I agree that an adult should be able to choose their own path and if that includes woo then so be it.

It bothers me that society cannot outlaw snake-oil salesmen but I can not think of a good way we could outlaw it. The “cure” could be worse than the problem. So, some poor souls are doomed to be suckered because we deem it wrong to save people from themselves (in most cases).

And again…I get it. Saving people from themselves is fraught with trouble.

Sucks. Best we can do is educate and hope.

Instead of allowing these people to be defrauded, the other frauds should be shut down as well. They necessarily involve lies/fraud. None of them says, “this does absolutely nothing, but I want to make money, hand it over” or “this does absolutely nothing, you could get much sicker or even die, while you piss about with this nonsense instead of going to a qualified medical person, but I want to make money, hand it over”. All fraudsters should be in the same place, court or detention.

I sympathize. But one person’s woo is another’s efficacious alternative therapy. I tend to think much of the panoply of naturopathy including acupuncture and an awful lot of herbal medicine is crap as well. But many, many millions disagree with me.

I’d settle for much more rigorous truth-in-advertising laws myself.

Because it is.

Or that they are bisexual to some degree and unwilling to admit it?

I forget what it was I was watching but it was something about the FDA about to institute a truth in advertising ruling on homeopathy supplements and the vitamin industry ran ads that the government was going to take away their vitamins.

FTR vitamins are mostly worthless unless you have a vitamin deficiency. Other homeopathic supplements are truly worthless.

The FDA guy said the public outcry was massive and they relented.

People want their woo.

I read that recently in one of Paul Offit’s books. Mel Gibson was in one of the ads, where they arrested him for having Vitamin C. :rolleyes:

Fine. But in absolutely no way should insurance cover it.

Yup…that’s the one.

Found the ad: Mel Gibson expresses his concern on the growing danger of lo - YouTube

Seems crazy but that ad worked.

Yes, they have to tell you that your “efficacious alternative remedy” does absolutely nothing. That’s fine, then there’s no fraud. You are just handing money to somebody for nothing.
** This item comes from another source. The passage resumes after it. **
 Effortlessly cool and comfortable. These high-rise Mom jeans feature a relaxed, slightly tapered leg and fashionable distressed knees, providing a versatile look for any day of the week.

After they make it so they have to tell the truth to customers, they should publish a list of those customers. I’d love to get my hands on some of that money they like giving away. :slight_smile:

But who are you or I to tell them how they should feel or what to do?

Are you asking this in the context of a hypothetical where gay conversion therapy worked? I don’t want to speak for Whack-a-Mole, but it seems to me that he was saying that, since conversion therapy doesn’t work, they would be better off getting therapy to be comfortable with who they are because they are not likely to change.
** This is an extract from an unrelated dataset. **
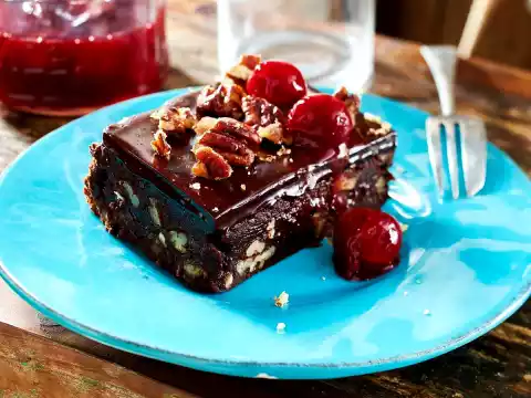 Brownie With Pecan Nuts And Cherries

Because in the real world, it doesn’t. So, while I don’t want to make it illegal (much…maybe better disclosures), I can still object to it existing and would never suggest it to anyone I know who is uncomfortable with their sexual orientation.
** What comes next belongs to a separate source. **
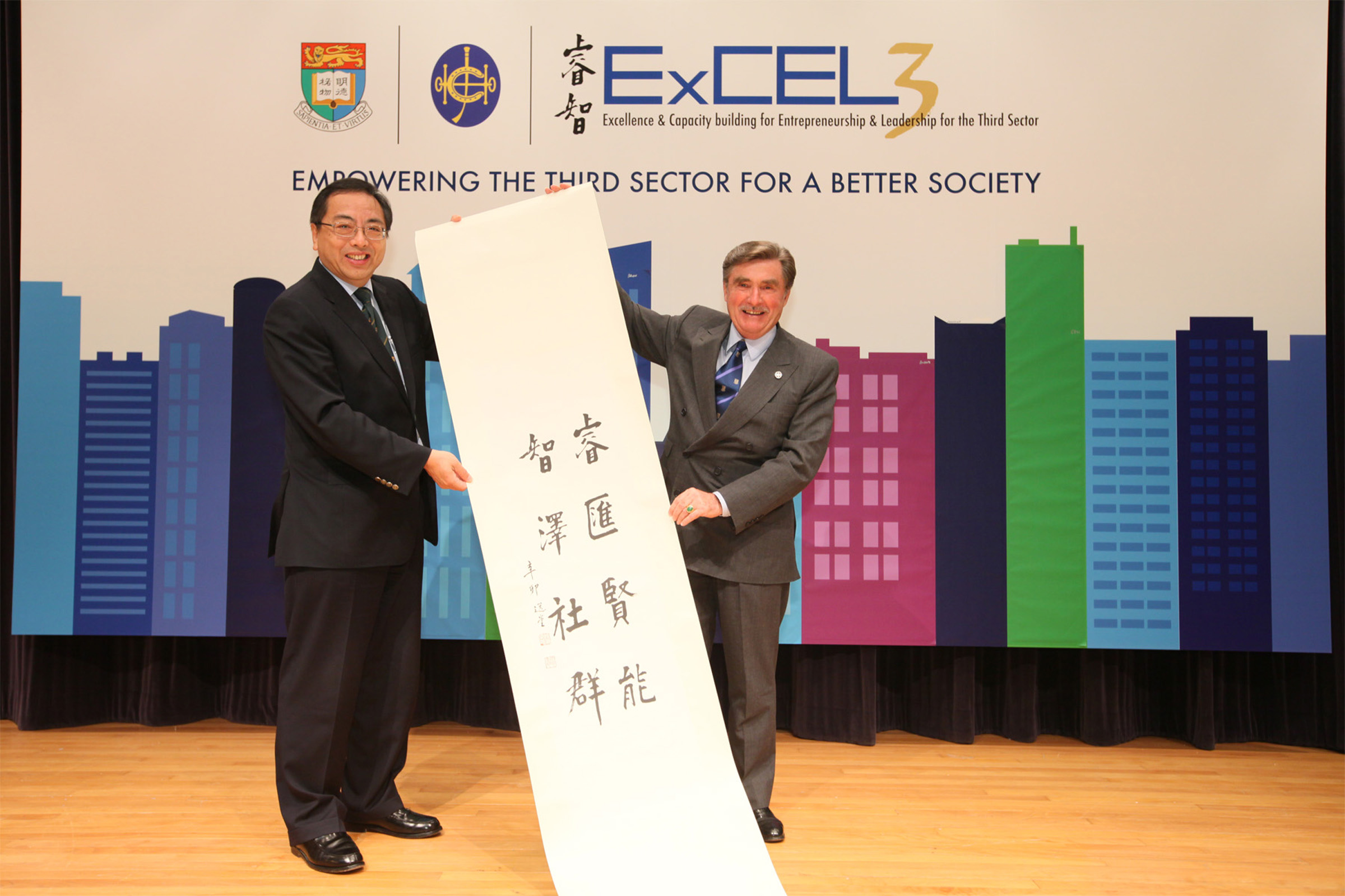 The Third Sector is crucial to social progress. Recently they have been faced with challenges due to the increasing complexity of the socio-economic and political environment, rising public expectations in governance and accountability, and the need for resource development and sustainability. Dr Leong Che-hung explained that ExCEL3, initially planned as a 5-year scheme, would draw from international expertise to develop various training programmes, public lectures and workshops to enhance the third sector's capacity in tackling the challenges. The support for EXCEL3 is part of Jockey Club's donation for HKU's Centennial Campus project, details of which will be announced later.

Once it seemed pretty clear from this thread that it’s all woo, then I’m not sure what your point is here anymore. Are you asking us to accept the counterfactual, where we pretend it does work and think about the consequences? I didn’t see that anywhere in your OP or subsequent posts.

We’re the same people who will tell cancer patients to visit reputable oncologists rather than basement quacks, and for the same reasons. Gay-conversion “therapy” is not only ineffective, but harmful, and should be outlawed. If gay people are having difficulties or challenges with their sexuality or identity, they should visit trained therapists and psychologists.